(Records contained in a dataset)

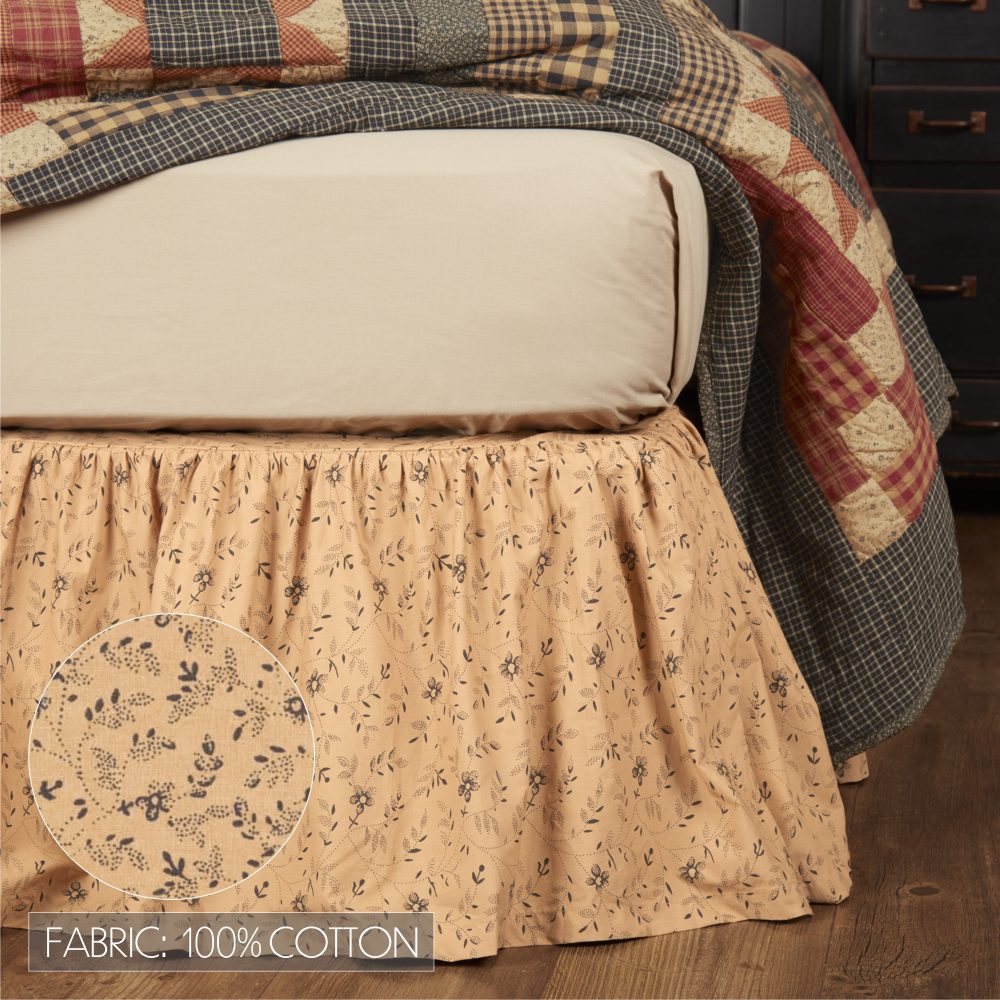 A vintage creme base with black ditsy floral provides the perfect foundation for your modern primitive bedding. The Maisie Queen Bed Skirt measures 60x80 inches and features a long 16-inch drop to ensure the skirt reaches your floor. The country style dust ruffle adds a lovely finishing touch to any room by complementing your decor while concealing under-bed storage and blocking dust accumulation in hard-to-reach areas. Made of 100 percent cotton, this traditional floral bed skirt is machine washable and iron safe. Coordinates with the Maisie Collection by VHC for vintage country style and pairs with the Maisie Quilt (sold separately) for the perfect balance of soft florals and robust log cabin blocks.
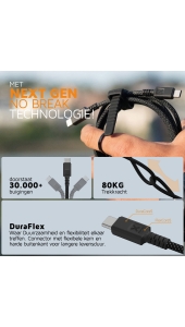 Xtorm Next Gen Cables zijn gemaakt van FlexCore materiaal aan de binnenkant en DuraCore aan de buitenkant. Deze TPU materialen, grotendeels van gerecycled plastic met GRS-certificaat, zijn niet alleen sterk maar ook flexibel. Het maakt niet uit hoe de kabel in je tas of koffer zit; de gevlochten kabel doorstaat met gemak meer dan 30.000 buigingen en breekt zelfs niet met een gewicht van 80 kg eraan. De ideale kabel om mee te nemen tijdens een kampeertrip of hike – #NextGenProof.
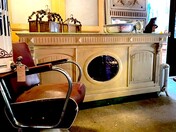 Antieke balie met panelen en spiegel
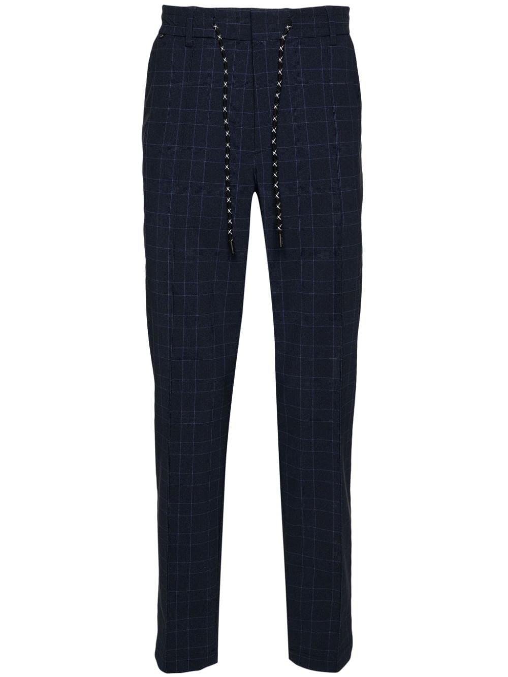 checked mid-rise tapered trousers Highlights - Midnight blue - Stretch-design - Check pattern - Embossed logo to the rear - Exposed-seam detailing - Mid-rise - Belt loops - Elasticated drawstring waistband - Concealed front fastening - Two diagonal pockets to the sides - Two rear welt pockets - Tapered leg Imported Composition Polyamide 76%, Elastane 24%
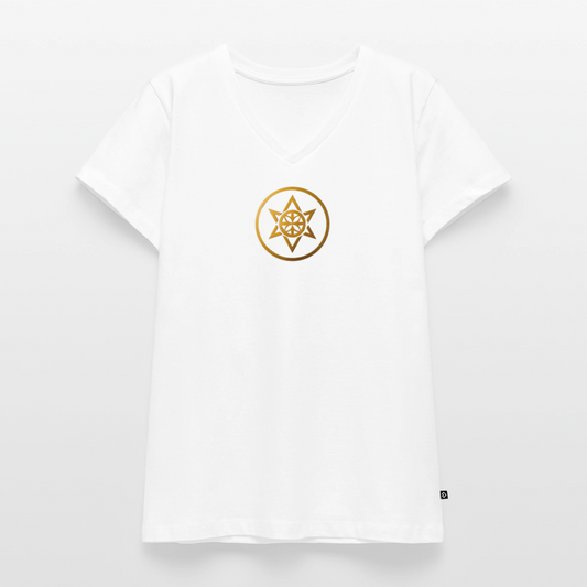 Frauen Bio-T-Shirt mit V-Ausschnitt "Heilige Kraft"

Directions — Could you copy exactly, and with no pictures, the lines above from the one containing "Antieke balie met panelen en spiegel" through the last line, both included?

Solution to the problem —
 Antieke balie met panelen en spiegel
 checked mid-rise tapered trousers Highlights - Midnight blue - Stretch-design - Check pattern - Embossed logo to the rear - Exposed-seam detailing - Mid-rise - Belt loops - Elasticated drawstring waistband - Concealed front fastening - Two diagonal pockets to the sides - Two rear welt pockets - Tapered leg Imported Composition Polyamide 76%, Elastane 24%
 Frauen Bio-T-Shirt mit V-Ausschnitt "Heilige Kraft"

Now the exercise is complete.